Entonces ahí nos dijimos “Este viejo tiene que estar en el Monumental contra Ñubel. No puede ser de otra forma. Tiene que estar”… Claro, dijimos, seguro que va a estar, si es fana de Central, canalla a muerte. Pero nos agarró como la duda viste? porque nosotros no era que lo veíamos todos los días al viejo, te digo más, desde que el Cabezón se había ido al norte a laburar, al viejo de él no lo habíamos vuelto a ver ni en la cancha, ni en la calle ni en ninguna parte. Además, el viejo ya estaba bastante veterano porque debía tener como ochenta pirulos por ese entonces. Bah, en realidad ochenta no, pero sus sesenta, sesenta y cinco años los tenía por debajo de las patas.
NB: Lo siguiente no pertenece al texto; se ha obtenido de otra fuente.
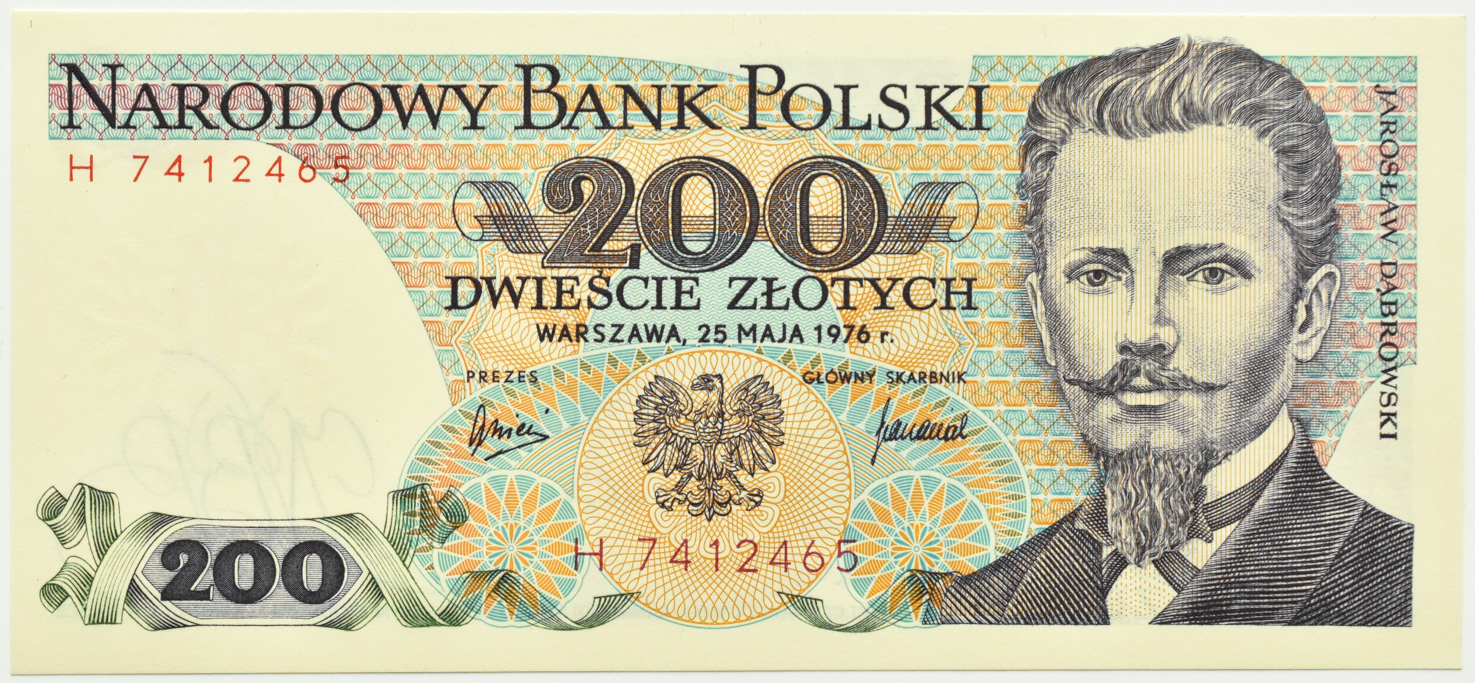 Polska, PRL, Jarosław Dąbrowski, 200 złotych 1976, seria H741….., Warszawa, UNC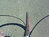 Sitting atop the bike, I assess the damage. Yikes! This one has got to be replaced. Before I replace the rim, I have a little fun and test ride the bike.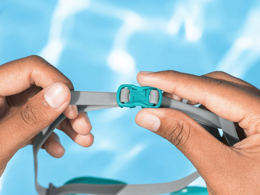 Aby maksymalnie dostosować okulary do potrzeb użytkownika, można wyregulować silikonowy pasek.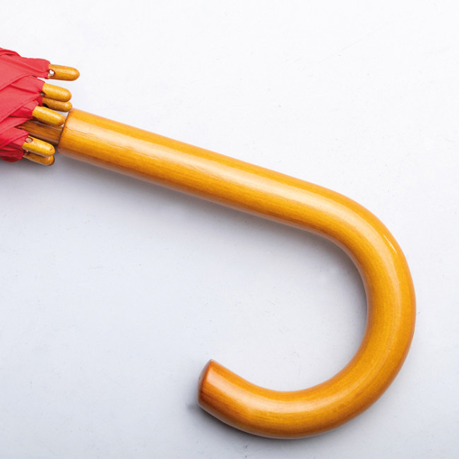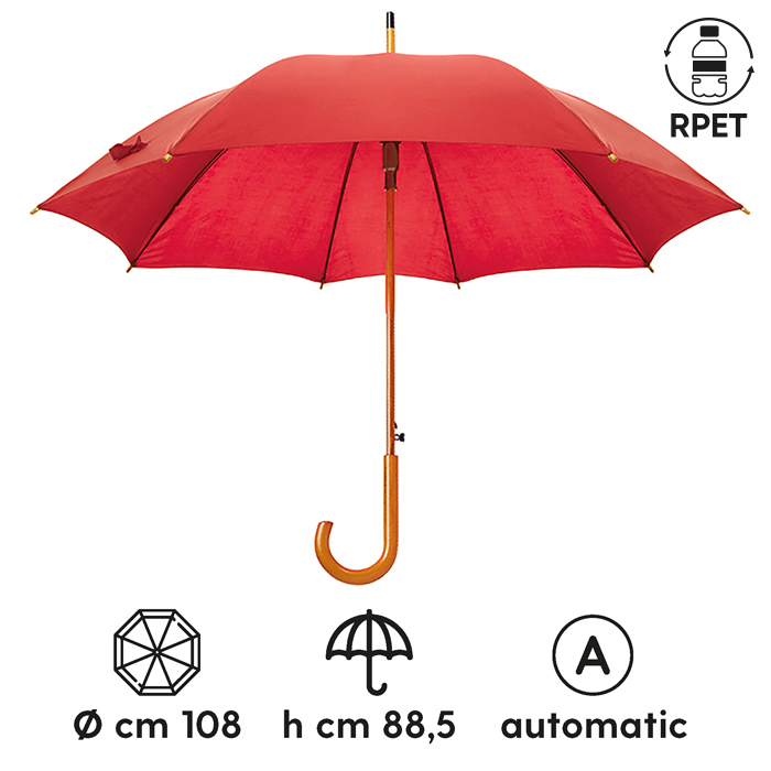 ombrello in RPET sistema di apertura automatica struttura in fibra di vetro fusto e puntale in legno impermeabilizzato manico in legno con finitura opaca chiusura con velcro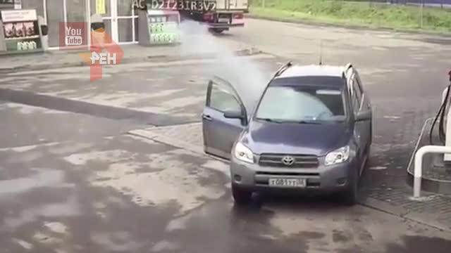 Спустя несколько секунд дверь машины открыла изнутри девушка, однако она не смогла сразу вылезти. Из салона авто шел дым, а на помощь пострадавшей уже спешил сотрудник заправки.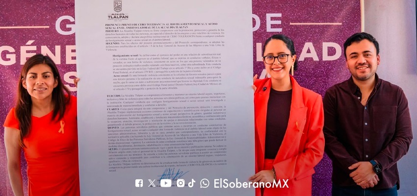 Durante la Primera Sesión 2026 del Gabinete de Género e Igualdad Sustantiva, la alcaldesa firmó el pronunciamiento que establece que toda conducta de hostigamiento o acoso será investigada y sancionada, además de contemplar capacitación permanente y mecanismos confidenciales de denuncia.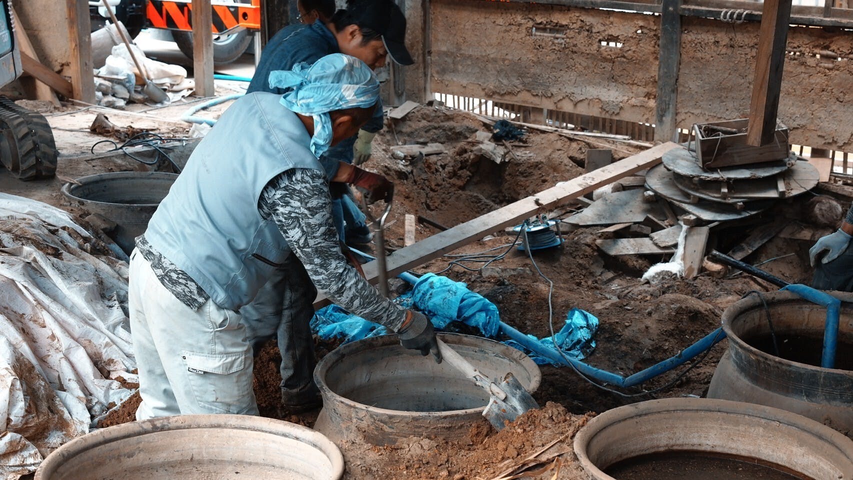 藍染めの容器として使用している甕(かめ)を取り出す作業が始まりました。

Entonces, con el Valija, el Colorado y el Miguelito decimos “vamos a la casa del viejo a asegurarnos que va y si no va lo llevamos atado”. Porque también podía ser que el viejo no fuera porque no tuviera guita, qué sé yo. Nosotros ya habíamos pensado en hacer una rifa a beneficio, una kermesse, cualquier cosa. El viejo tenía que ir, era una bandera, un cheque al portador.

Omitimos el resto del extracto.